I didn't mean to be overly critical of the project. I wish them all due success. That doesn't mean I can't dislike the Kickstarter campaign. (I would similarly dislike AMD raising funds on Kickstarter, even if I liked the project.)
Defining it on any architecture or performance metric is just pointless because the march of time renders such things utterly moot. Remember when PlayStation 2s were "supercomputers"? Please.
I agree that you're not going to get a "supercomputer" for less than about $100,000. But supercomputers are defined by what they can do. Their cost is secondary. Necessary in a world without magic, but secondary. I can spend $100,000 on a computer, but that alone does not make it a "supercomputer".
I suspect that the people who would be happiest buying something like this are going to be very technical, not just USING Linpack, FFTs, neural networks, or HMMs on a regular basis, but used to IMPLEMENTING them as well. This audience is definitely going to want red meat like the paper you're linking to.
With the Kickstarter campaign, you may also get customers who just think it's cool to own a supercomputer, but when they realize they can't run Crysis on it, they may be disappointed.
So: you can get large amounts of performance with simple architecture, but only for some problems, with graphics not being in set of these problems.
- not simple SIMD. NVIDIA calls it SIMT (single instruction multiple thread), mostly since you can branch a subset of them, so for the programmer it does feel somewhat like threads.
- not just optimized for Graphics anymore. E.g. since Fermi, the Tesla cards have DP performance = 50% of SP - which has been specifically introduced for HPC purposes. They have also constantly improved the schedulers to go more into general purpose computing, e.g. Kepler 2 seems to support arbitrary call graphs on the device.

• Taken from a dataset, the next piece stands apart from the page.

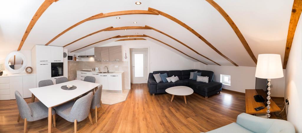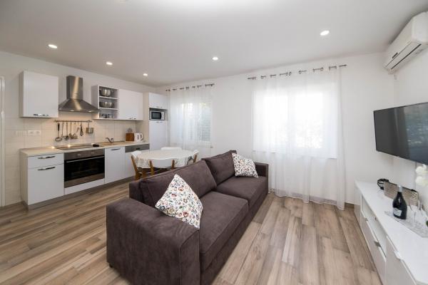 Vi havde en vidunderlig ferie her i juli 2023. Ejerne er meget søde og imødekommende. Ejeren viste os vores lejlighed og forklarede alt. Ejeren tillod os at parkere vores bil foran lejligheden allerede om morgenen. Fremragende kommunikation med ejerne. Hele huset er smukt, velholdt, velholdt, gården fuld af blomster, overalt meget ren. Vi havde fuldstændigt privatliv, fred. Lejligheden er helt ny, moderne og smukt møbleret, meget ren og rummelig nok. To klimaanlæg, vaskemaskine og opvaskemaskine var fremragende. Vi brugte også et strygejern og en førstehjælpskasse. Køkkenet er veludstyret, intet manglede. Fem mennesker havde det godt der. Vi brugte balkonen med udsigt over Selce, terrassen er fantastisk til at tørre våde ting fra stranden. Lejligheden har endda et ekstra værelse til gummibåde, svømmeudstyr, løbehjul. Lejligheden er fantastisk. Vi sætter pris på den vidunderlige nærhed til centrum, til butikken, til frugt- og grøntmarkedet, alt sammen inden for 2 minutter til fods. Poli Mora strand inden for 5 minutter til fods. Rengøringsdamen er meget venlig mod os og børnene, varmhjertet. Vi har allerede en reservation til sommeren 2024. Vi ser frem til og anbefaler denne vidunderlige bolig.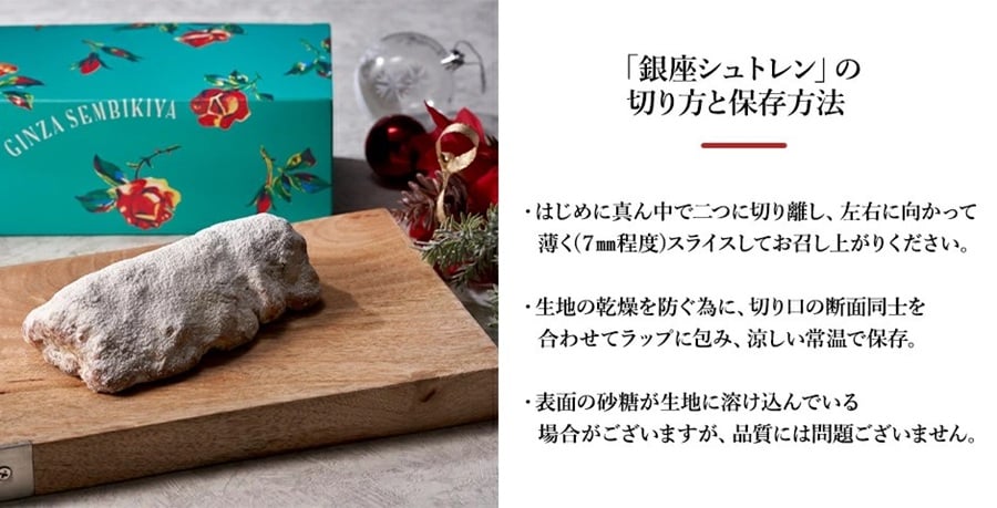 日が経つにつれて、ドライフルーツの風味、マジパンに含まれる水分が生地に馴染み、しっとり感が高まり、味わい深くなる味の変化を楽しめるのがシュトレンの醍醐味です。

Again, that's useless for graphics.
- suitable for pretty much all stencil computations. Even for heavily bandwidth bounded problems GPUs are generally ahead of CPUs since they have very high memory bandwidth. The performance estimate I use for my master thesis comes out at 5x for Fermi over six core Westmere Xeon for bandwidth bounded and 7.5x for computationally bounded problems.
HPC is all about performance per dollar, performance per watt - and (sadly) sometimes linpack results because some institution wants to be in the top of some arbitrary list. In all of these aspects GPUs come out ahead of x86, which has been very dominant since the 90ies. Which is why GPUs are now in 4 of the top 20 systems - each of those are hundreds of millions of dollars in investments. That wouldn't be done if they weren't suitable for most computational problems.
And as for SIMD/SIMT, I mentioned SIMD mostly in relation to operations on short vectors done by one thread, which is mostly irrelevant to overall architecture of the core, as it can very well be implemented by pure combinational logic in one cycle given enough space. My mental model of how modern GPU core (physical, not logical) actually works is essentially some kind of simplistic RISC/VLIW design with large amounts of registers with compiler and or hardware interleaving instructions of multiple threads into one pipeline, which may or may not be how it actually works but it looks probable to me.
In my opinion most of chips like Epiphany IV or XMOS or whatever, in contrast to GPUs, are useful for only limited classes of workloads as they tend to be memory starved.
Here's a simple test.
Suppose that I give you these two measurements:
SPECmark: 1.2 million.
SPECmark: 3 million.
Which one is the supercomputer? Without knowing the date, there's simply no way for you to tell.
Suppose instead I write:
System cost: $20 million 1990 dollars
System cost: $400 1990 dollars
Which one is the supercomputer? I think most people will be able to pick which one is which.
The major difficulty with your second list is that expensive computers don't need to be high performance. Consider the computers that go into satellites and spacecraft. They are extremely expensive, but not high performing.